What you are asked to do:
Please give back each line below unchanged; none of the pictures should appear.

The data:

+--

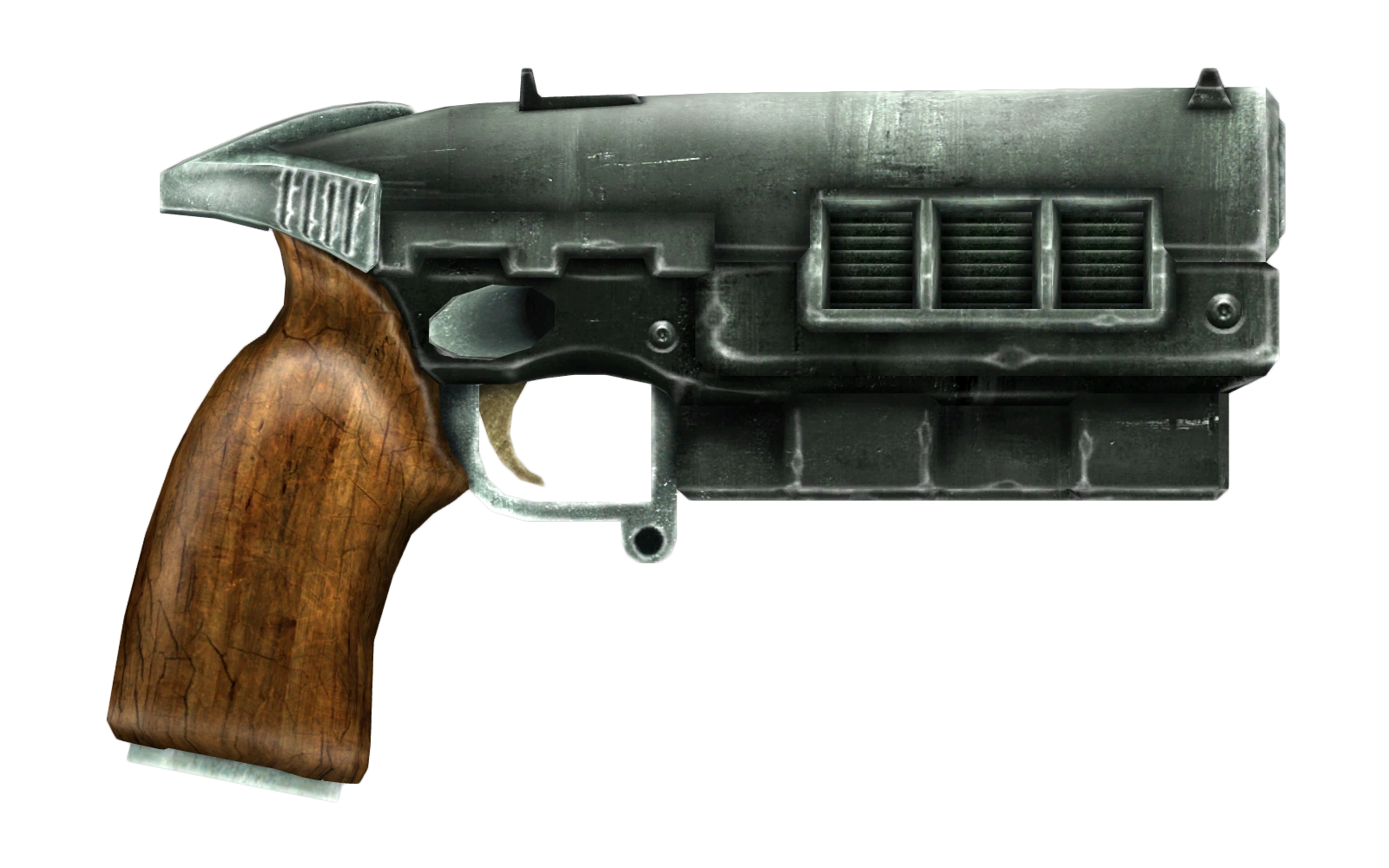 - ↑ Visually nearly identical to the 14mm pistol weapon from Fallout and Fallout 2.
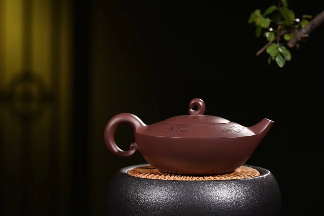 原矿紫泥,为较常见的经典紫砂泥;良者寡,而劣者多,呈紫棕色,玩家惯呼“黑紫泥”,深受玩家喜爱的泥料之一。 所制成作品质地纯净、砂质均匀、色泽润目怡人,温润细腻、不艳不媚、如小家碧玉。为江苏宜兴黄龙山矿脉所开挖出来的紫砂原矿提炼而成,因矿脉里铁质成份较高,泥料内所含颗粒较大结构疏松,使得器身明显成特殊双气孔结构,空气对流顺畅气孔对流较好,付予了宜兴紫砂茶壶,传温快、保温强,利于泡茶时保持水的温度和茶的色香味的特点。日久使用,渐露锋芒,养成变化甚大,乃淘壶人养壶正面教材之一!
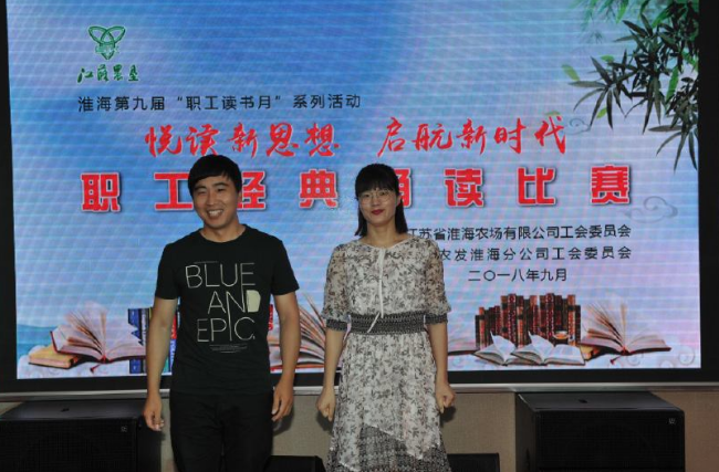 9月4日下午,在淮海工會(huì)舉辦“悅讀新思想 啟航新時(shí)代”職工經(jīng)典誦讀比賽上,來(lái)自二分場(chǎng)社區(qū)代表隊(duì)的任超龍和機(jī)關(guān)代表隊(duì)的欒艷彥在與來(lái)自淮?;鶎?/span>16個(gè)單位選手的比賽中,雙雙獲得經(jīng)典誦讀二等獎(jiǎng)。當(dāng)他們夫妻攜手登臺(tái)領(lǐng)獎(jiǎng)時(shí),博得了現(xiàn)場(chǎng)60多名觀眾長(zhǎng)時(shí)間的掌聲。
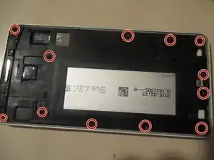 Снимите 12 винтов PH00, удерживающих среднюю рамку.
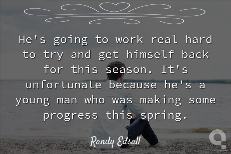 He's going to work real hard to try and get himself back for this season. It's unfortunate because he's a young man who was making some progress this spring.
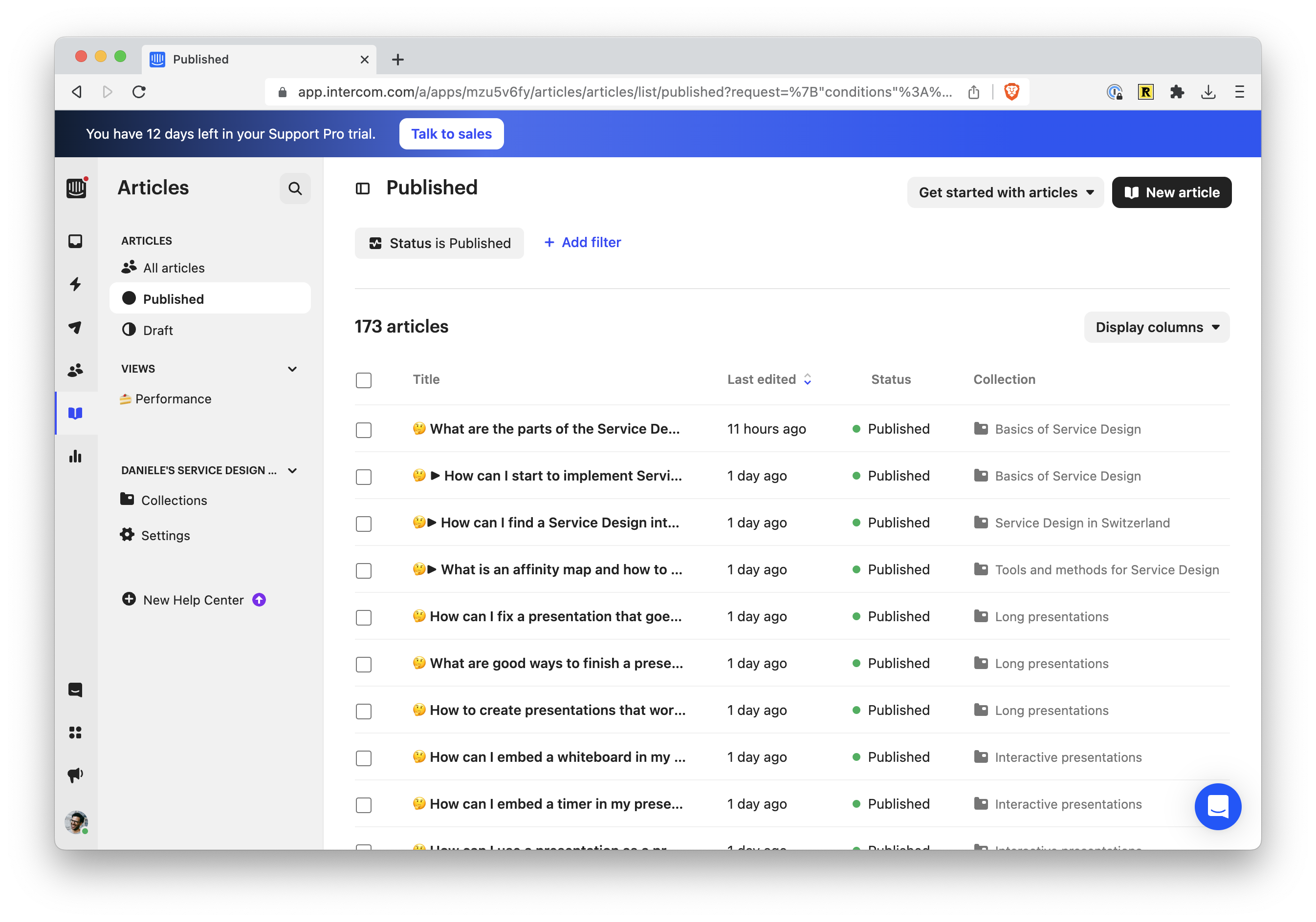 I've already imported 173 articles so far in Intercom, the tool I'll use to run this new project.
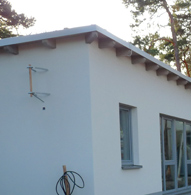 Das flach geneigte Pultdach mit Aufsparrendämmung besteht aus sichtbaren gehobelten Sparren und gehobelten Brettern darüber...
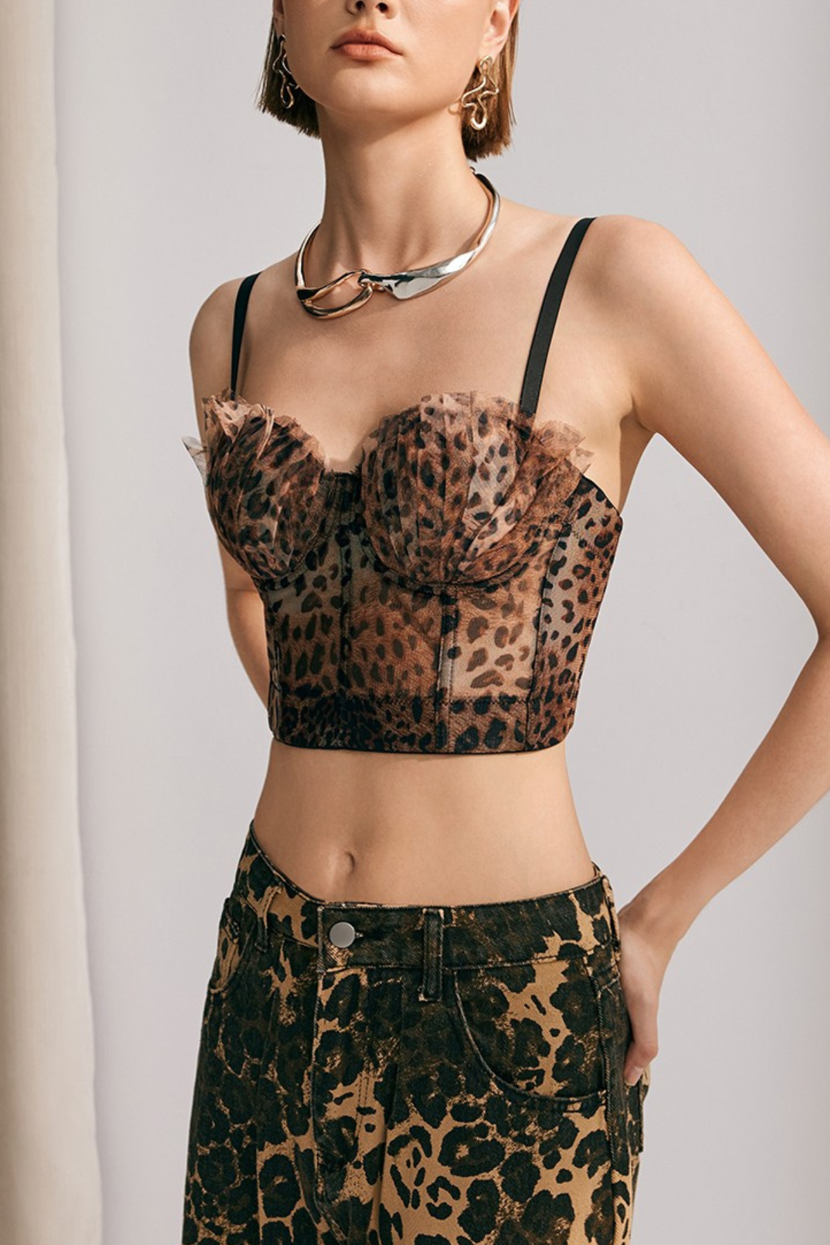 This Baldwin Corset Spaghetti Leopard Top is both stylish and flattering. Made with high-quality materials. it features a structured corset design and delicate spaghetti straps with a bold leopard print. The perfect addition to any wardrobe for a fierce and fashionable look.

+--

Response:
 - ↑ Visually nearly identical to the 14mm pistol weapon from Fallout and Fallout 2.
 原矿紫泥,为较常见的经典紫砂泥;良者寡,而劣者多,呈紫棕色,玩家惯呼“黑紫泥”,深受玩家喜爱的泥料之一。 所制成作品质地纯净、砂质均匀、色泽润目怡人,温润细腻、不艳不媚、如小家碧玉。为江苏宜兴黄龙山矿脉所开挖出来的紫砂原矿提炼而成,因矿脉里铁质成份较高,泥料内所含颗粒较大结构疏松,使得器身明显成特殊双气孔结构,空气对流顺畅气孔对流较好,付予了宜兴紫砂茶壶,传温快、保温强,利于泡茶时保持水的温度和茶的色香味的特点。日久使用,渐露锋芒,养成变化甚大,乃淘壶人养壶正面教材之一!
 9月4日下午,在淮海工會(huì)舉辦“悅讀新思想 啟航新時(shí)代”職工經(jīng)典誦讀比賽上,來(lái)自二分場(chǎng)社區(qū)代表隊(duì)的任超龍和機(jī)關(guān)代表隊(duì)的欒艷彥在與來(lái)自淮?;鶎?/span>16個(gè)單位選手的比賽中,雙雙獲得經(jīng)典誦讀二等獎(jiǎng)。當(dāng)他們夫妻攜手登臺(tái)領(lǐng)獎(jiǎng)時(shí),博得了現(xiàn)場(chǎng)60多名觀眾長(zhǎng)時(shí)間的掌聲。
 Снимите 12 винтов PH00, удерживающих среднюю рамку.
 He's going to work real hard to try and get himself back for this season. It's unfortunate because he's a young man who was making some progress this spring.
 I've already imported 173 articles so far in Intercom, the tool I'll use to run this new project.
 Das flach geneigte Pultdach mit Aufsparrendämmung besteht aus sichtbaren gehobelten Sparren und gehobelten Brettern darüber...
 This Baldwin Corset Spaghetti Leopard Top is both stylish and flattering. Made with high-quality materials. it features a structured corset design and delicate spaghetti straps with a bold leopard print. The perfect addition to any wardrobe for a fierce and fashionable look.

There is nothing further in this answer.